Data are available from Packer et al. at the Gene Expression Omnibus (GEO) under accession number GSE126954. Since multiple synchronous C. elegans embryos were pooled for the scRNA-seq experiment, many nodes on the embryonic lineage tree have been sampled multiple times. Only one cell was thus randomly chosen to represent the corresponding node, while these non-repetitive cells from one lineage tree constitute a “pseudo-embryo”. We focused on the AB lineage (the largest lineage amongst the first five founder cells contributing over 70% somatic tissues of C. elegans) and filtered out the genes with total count < 10 (remaining 6533 genes and 298 cells in a single psedo-emberyo). For the dimensionality reduction embedding of the scRNA-seq data, we used the UMAP embedding coordinates from original study13, which is available from https://github.com/qinzhu/Celegans_code/blob/master/globalumap2d_Qin.rds.
[9]:
import pandas as pd
import matplotlib.pyplot as plt
import phylovelo as pv
import numpy as np
from scipy.stats import spearmanr
from mpl_toolkits.axes_grid1.inset_locator import inset_axes
import data
[1]:
import pyreadr
globalumap = pyreadr.read_r('./datasets/Celegans/globalumap2d_Qin.rds')
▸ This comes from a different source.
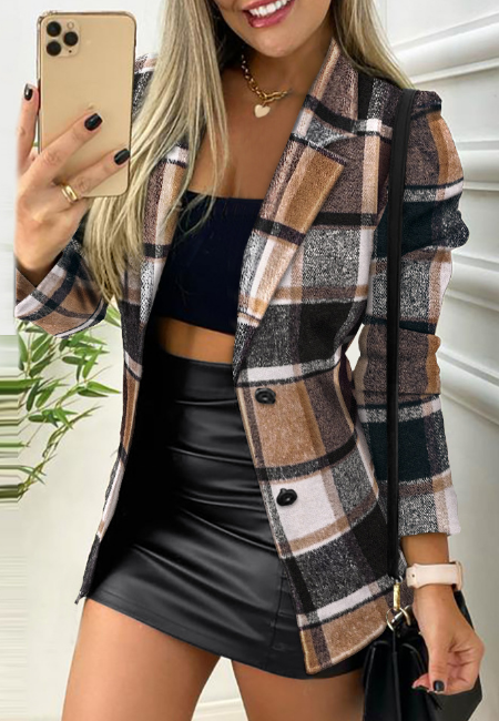 Temperament Check Long Sleeve Casual Shirt Tops

globalumap = globalumap[None]
[15]:
cell_annotation = pd.read_csv('./datasets/Celegans/GSE126954_cell_annotation.csv', index_col=0)
count = pd.read_csv('./datasets/Celegans/pseudoembryo0_count.csv', index_col=0)
sample = count.index
Read data using scData and filter
[16]:
sd = pv.scData(count=count, Xdr=globalumap.loc[sample], cell_generation=cell_annotation.loc[sample].lineage.apply(lambda x: len(x.split('/')[0])).to_numpy().flatten())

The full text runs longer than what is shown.